# Matt Tyre Dressing - Which One?



## Bristle Hound (May 31, 2009)

I use Megs endurance tyre gel at the mo and am after a change

I'm after a matt tyre dressing

Recommends please

:detailer:


----------



## Tips (Mar 27, 2011)

For the matt dressing look it must be:-

Zaino Z-16 Perfect Tyre Gloss for the win :thumb:

(excuse the name gloss in the product title)


----------



## Junior Bear (Sep 2, 2008)

Af satin looks like te newest contender for what your after.


Customisable finish dependant on layers


----------



## DMH-01 (Mar 29, 2011)

CarPro PERL or Supernatural Tyre Dressing :thumb:

Just need to buff them for a matte look.


----------



## Adrian Convery (May 27, 2010)

Gtechniq T1 and a buff


----------



## rtjc (Apr 19, 2009)

If you wipe down your tyres with a damp mf or old rag after using your Megs Endurance, you can get a satin finish from it.


----------



## MidlandsCarCare (Feb 18, 2006)

I'd have to suggest Auto Finesse's Satin or Zaino's Z16.


----------



## Bristle Hound (May 31, 2009)

Thanks folks :thumb:

All info mucho appreciated :thumb:


----------



## Bill58 (Jul 5, 2010)

rtjc said:


> If you wipe down your tyres with a damp mf or old rag after using your Megs Endurance, you can get a satin finish from it.


Agree with this.:thumb:


----------



## Tips (Mar 27, 2011)

With Zaino Z-16 no buffing or wipedown necessary.

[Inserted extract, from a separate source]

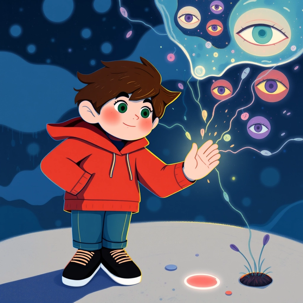 [Milo](N2GD5P5W) hesitated but reached out his hand; suddenly, he could see through the membrane's eyes and feel their confusion and fear.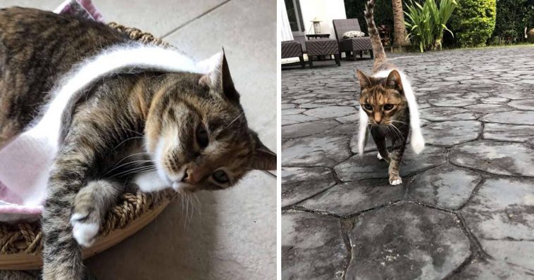 Winter is a special time of the year where we can think of some crazy outfits. Most of these include a scarf which is essential ‘equipment’ for the cold winter days. We don’t know about you, but we love wearing scarves. Apparently, pets love it too, especially a 17-year old cat named Cinnamon. She wears her scarf anywhere she goes, probably because it was knitted with love by her mom.

You get the matt look straight out of the bottle :thumb:

PS - it's the best smelling detailing product I've come across.


----------



## Jammy J (May 5, 2012)

Junior Bear said:


> Af satin looks like te newest contender for what your after.
> 
> Customisable finish dependant on layers


Yes i agree with this.


----------



## Tips (Mar 27, 2011)

Kinda agree on AF, but the 1st coat is more akin to satin, op wanted a matt finish.


----------



## Mastermind (Jun 27, 2012)

Surf City Garage Beyond Black Tire Pro gibt's also a Satin like Look. Needs some layers during the first application until the rubber Stops soaking. But Looks Great like a New Tyre. Seems to be Not Common in UK.

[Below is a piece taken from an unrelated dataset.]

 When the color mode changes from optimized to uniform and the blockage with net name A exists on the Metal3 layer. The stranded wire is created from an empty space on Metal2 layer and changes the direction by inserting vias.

Look on an Bridgestone Potenza (flashlight used):


----------



## Steampunk (Aug 11, 2011)

My vote goes to Dodo-Juice Tyromania; perfect matte finish if left unbuffed, and superb durability. Liquid dressings for me, even once buffed, leave too much of a satin finish.

Hopefully this helps...

Steampunk


----------



## organisys (Jan 3, 2012)

3M Tyre restorer also worth a try. Nice clean Matt look.


----------



## thehulk2002 (Mar 16, 2011)

I like T1 gtechniq better than megs


----------



## -Raven- (Aug 26, 2010)

Z16 or SV Pneu for me.


----------



## Smoothie (Jun 21, 2012)

Another vote for Z16 or T1 here


----------



## horned yo (Feb 10, 2009)

Gloss It TRV


----------